Our debt paydown plan

All photos from our most recent trip to Kauai


I have had a few questions from readers about our budget and how we prioritize debt repayment. Here is a snapshot of our current debt and plan:

A picture of our indebtedness

We are essentially doing a modified version of the Dave Ramsey debt snowball strategy. The lion’s share of our debt repayment effort is being funneled into my wife’s student loans (refinanced with a five year variable rate repayment through Sofi). We chose to refinance my student loan (also through Sofi) to a longer term (at the expense of a higher rate) so as to be able to pay more towards my wife’s loan and pay it off sooner. This was done for both psychological reasons (e.g. the sense of accomplishment that will come with paying off one set of our loans) and for more practical reasons – getting rid of one set of student loans significantly improves our cash flow/decreases our monthly mandatory expenditures.  Once her loan is paid off we will take a month or two and pay off our auto debt and then refinance my student loan to the lowest rate/shortest term possible.

So in about two years my wife’s student loan and my auto loan will be paid off, at which point we will use the money we were paying for her loan and the car loan to help pay down my student loan – to the tune of $13,000/month. In 2021 our only debt will be our mortgage.

We have gone back and forth about what to do with this extra $13,000/month once we only have a mortgage left. Dr. Cory Fawcett makes a compelling argument for paying off your mortgage as soon as possible in this scenario in his book The Doctor’s Guide to Eliminating Debt. I would tend to agree with him. It will only take us three years from that point to fully pay off our mortgage and be totally debt free – at age 40. Since we are very aggressive with our investments (100% equity) due to risk tolerance and our young age/career longevity, I view this equity as being the equivalent to the bond portion of a portfolio. Since we would only be 40 at this point, we would still have a decade or  more to aggressively fund our kids’ 529s and our brokerage account. If we decide to go part-time at this point it would be easy to do so given our monthly expenses would now be $17,000 per month less than they previously were.

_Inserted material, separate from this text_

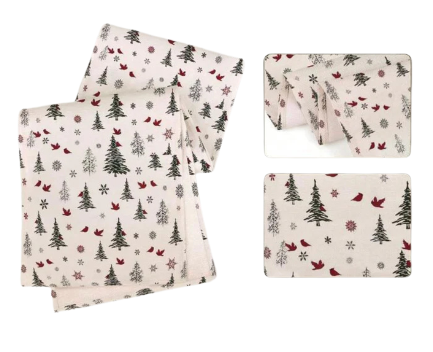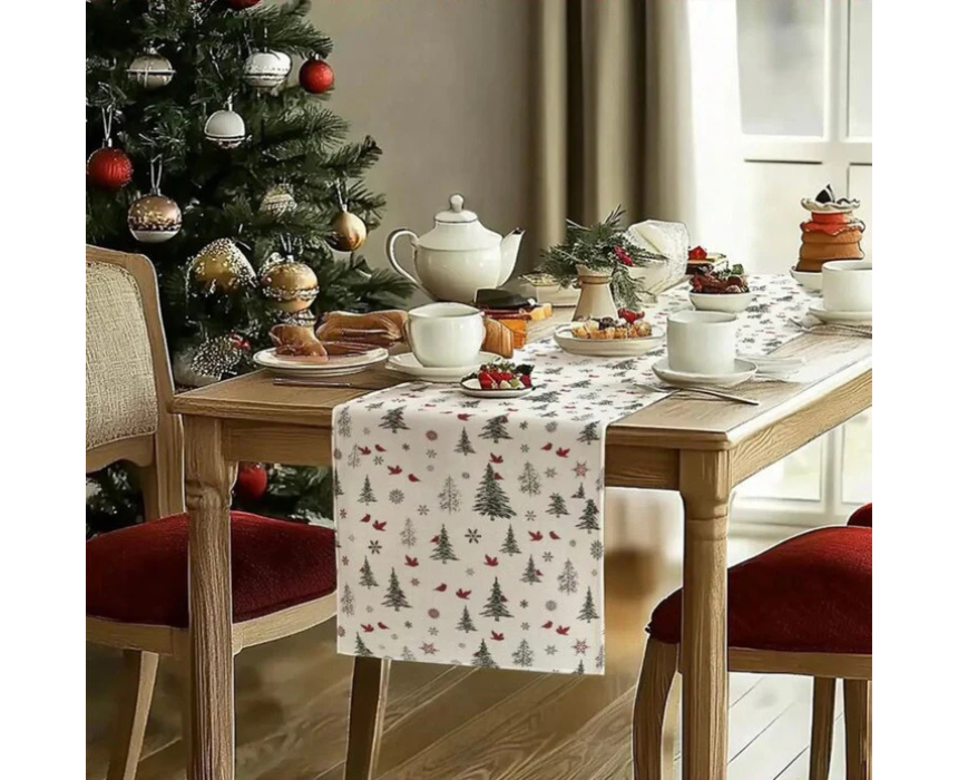 Elevate holiday dining with this Christmas Pine Tree Table Runner, crafted from premium woven polyester. Featuring pine trees, holly berries, and a “Merry Christmas” greeting, it is heat- and fade-resistant, machine washable, and perfect for protecting tables while adding festive charm. Ideal for dining tables, coffee tables, or buffet setups, it creates a cozy holiday centerpiece for family meals, parties, or gift-worthy décor.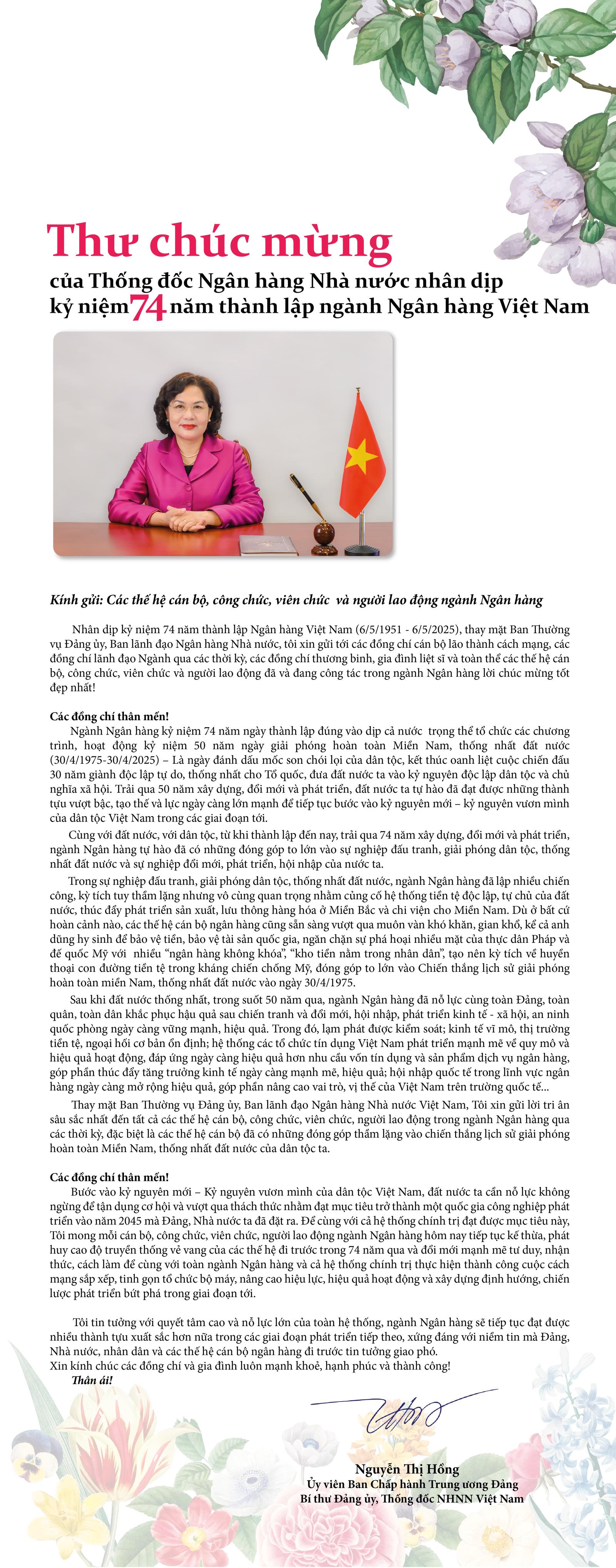 (Thanh tra) - Nhân dịp kỷ niệm 74 năm thành lập Ngân hàng Việt Nam (6/5/1951 - 6/5/2025), Thống đốc Ngân hàng Nhà nước (NHNN) Nguyễn Thị Hồng gửi thư chúc mừng tới các thế hệ cán bộ, công chức, viên chức và người lao động ngành Ngân hàng.

In some sense there is probably no right answer as long as that money doesn’t get funneled into lifestyle expansion. In the same way that I believe we have good risk tolerance (this will surely be tested at some point by a bear market), we also are quite debt averse. This no doubt influences our decision making.

Even with this aggressive debt repayment plan we conservatively expect to have $2,500,000 in our various investment accounts by age 42 (assuming 6% returns, no increase in salary over this time). From that point on the asset side of our portfolio really starts to take off.



What are your thoughts on debt repayment vs. investing?


5 Replies to “Our debt paydown plan”

  1. Good for you guys to have a plan!

    We are playing the same game as you but in different leagues (2 quick examples: Your student loans were almost double ours, and your car payment is more than our mortgage! Guessing this has more to do with income than anything.).

    Looking forward to following your progress and cheering you on!

  2. My wife and I are also a dual-physician couple finishing our 4th year in practice. Starting to plan for a family so will look forward to your future posts on how you operate your household. We also practice in Canada – so marginally reduced student loan sizes, a whole different series of retirement account acronyms as well as the benefits of incorporating a small business for planning, although likely disappearing this year.

    You state you have adopted a “modified snowball” debt repayment strategy. I recognize this is based upon the positive psychology of getting loans off the balance sheet as rapidly as possible, math be damned. But when I look at your repayment priority it appears to be: student loan A, car loan, student loan B then Mortgage.

    A pure snowball would be: car loan–>A–>B–>mortgage and the “avalanche” method, paying highest interest first, would be B–>mortgage–>car–>A.

    Just asking for a little more rationale for the approach you have taken. Combined you have stable and excellent income, focused goals, realistic lifestyle expectations, a long runway to retirement and are through the high impact maternity/paternity years – you’ve won at each of these but I don’t follow your strategic decisions for this plan specifically.

    My takes:
    1. You have committed yourself to debt repayment as a priority (versus accelerated retirement savings) for the better part of the next 10 years. Many would argue that you’d be ahead by accumulating savings and subsequent investment income versus the relatively low interest rates you’re paying down. And now you’re paying your cheapest loan first.
    2. Usually debt snowball is setup for individuals with a lot of small loans – so in a series of months the number of loans on your balance sheet grows smaller. You’re a couple years away from the first being removed from yours – and the relief from its final payment a lot of nights and weekends on call away. Do the same benefits apply?
    3. Are there specific requirements of your loan refinancing that force you above the minimum payment for some loans versus the others?

    I don’t me to challenge you significantly but on the surface it appears that you’re less likely to achieve the benefits of snowball at the expense of paying more over time.